As the first half of 2020 comes to a close, the oil and gas industry has been on a historic rollercoaster ride with peaks and valleys it has never seen before.
Demand for petroleum declined globally as the coronavirus swept from country to country.
In the U.S., crude oil inventories reached another record last week of 540.7 million barrels breaking the old record of 535 million barrels set on March 31, 2017.
The lack of demand created on oversupply and prices declined from $60 per barrel in January to a low of -$37 on April 20 on the New York Mercantile Exchange but recovered in May and June to reach $40 this week.
The drilling rig count, an important barometer of future industry activity, dropped to a historic low last week to 266 active rigs in the U.S. compared to 805 working a year ago.
The future looks volatile, too.
The International Energy Agency (IEA) issued its June report stating “the oil market remains fragile” with global oil demand expected to fall by 8.1 million barrels per day (b/d), the largest in history.
Even though demand is at historic lows, economies around the world are slowly recovering. IEA points out that petroleum demand in China in April is “almost back to year-ago levels” and “strong rebound in India in May.”
“On the supply side, record output cuts from OPEC+ and steep declines from other non-OPEC producers saw global oil production fall by a massive 12 million b/d in May,” the IEA report stated. “In addition to a 9.4 million b/d decline in OPEC+ supply last month, output from non-OPEC countries outside the deal has fallen by 4.5 million b/d since the start of the year.
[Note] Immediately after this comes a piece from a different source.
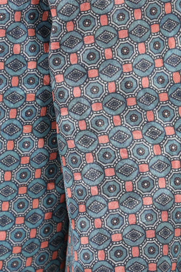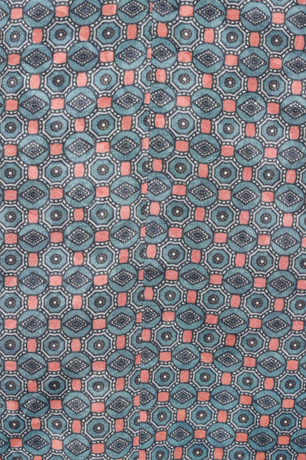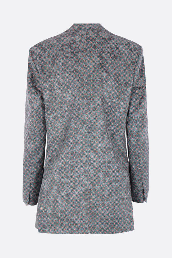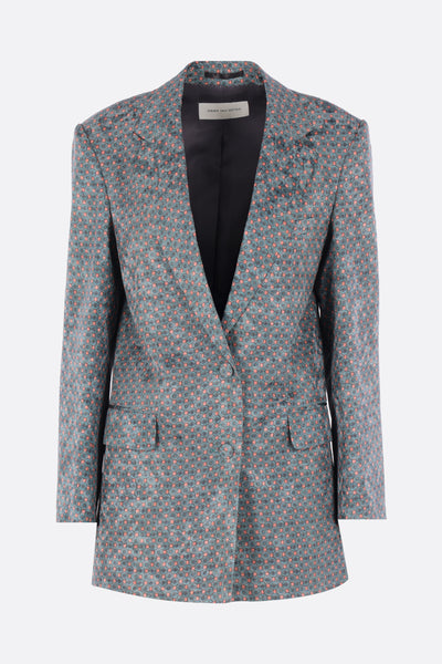 Dries Van Noten single-breasted jacket crafted from viscose satin with all-over tie print and floral jacquard motif. Featuring classic lapels, front closure with covered buttons, flap pockets, padded shoulders, long sleeves with slit cuffs, side slits, and lined interior.
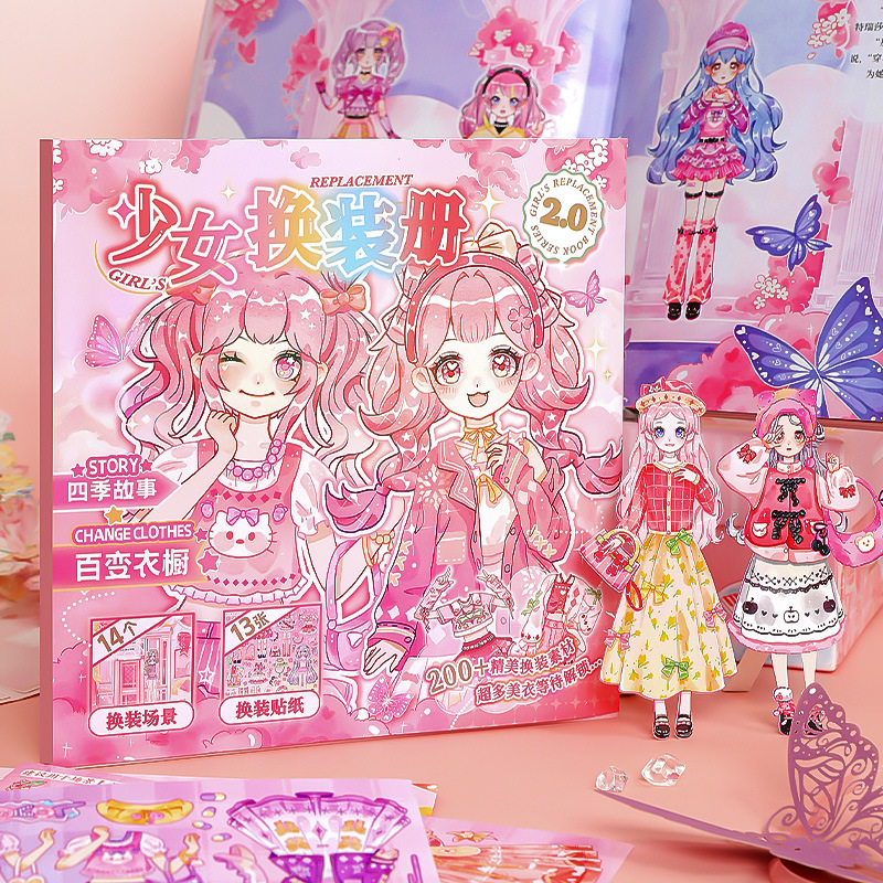 色の着せ替えシールの美しい王女の化粧シールの女の子の子供の人形の漫画の手作りシールの本

To further speed up the market rebalancing, OPEC+ decided on June 6 to extend their historic output cut of close to 10 million b/d through July.”
“Global oil supply is set to tumble by a massive 7.2 million b/d on average in 2020, and stage only a 1.8 million b/d increase in 2021 assuming 100% compliance with OPEC+ cuts,” IEA stated.
The recent improvement in oil prices is not enough to allow a significant increase in U.S. output, which in June is estimated to have fallen to 10.5 million b/d, down by 2.4 million b/d from a record high seen in November, according to IEA.
“In the meantime, high crude and product stocks will limit the scope for producers in many countries to sell more to refiners. In the case of the U.S., data from the Energy Information Administration show that commercial stocks of crude oil and products have increased by about 1 million b/d since the start of the year and are at an all-time record high,” IEA stated.
The volatile economic conditions created by the COVID-19 pandemic create “enormous uncertainties” as we enter the second half of 2020, IEA concluded.
Alex Mills is the former President of the Texas Alliance of Energy Producers.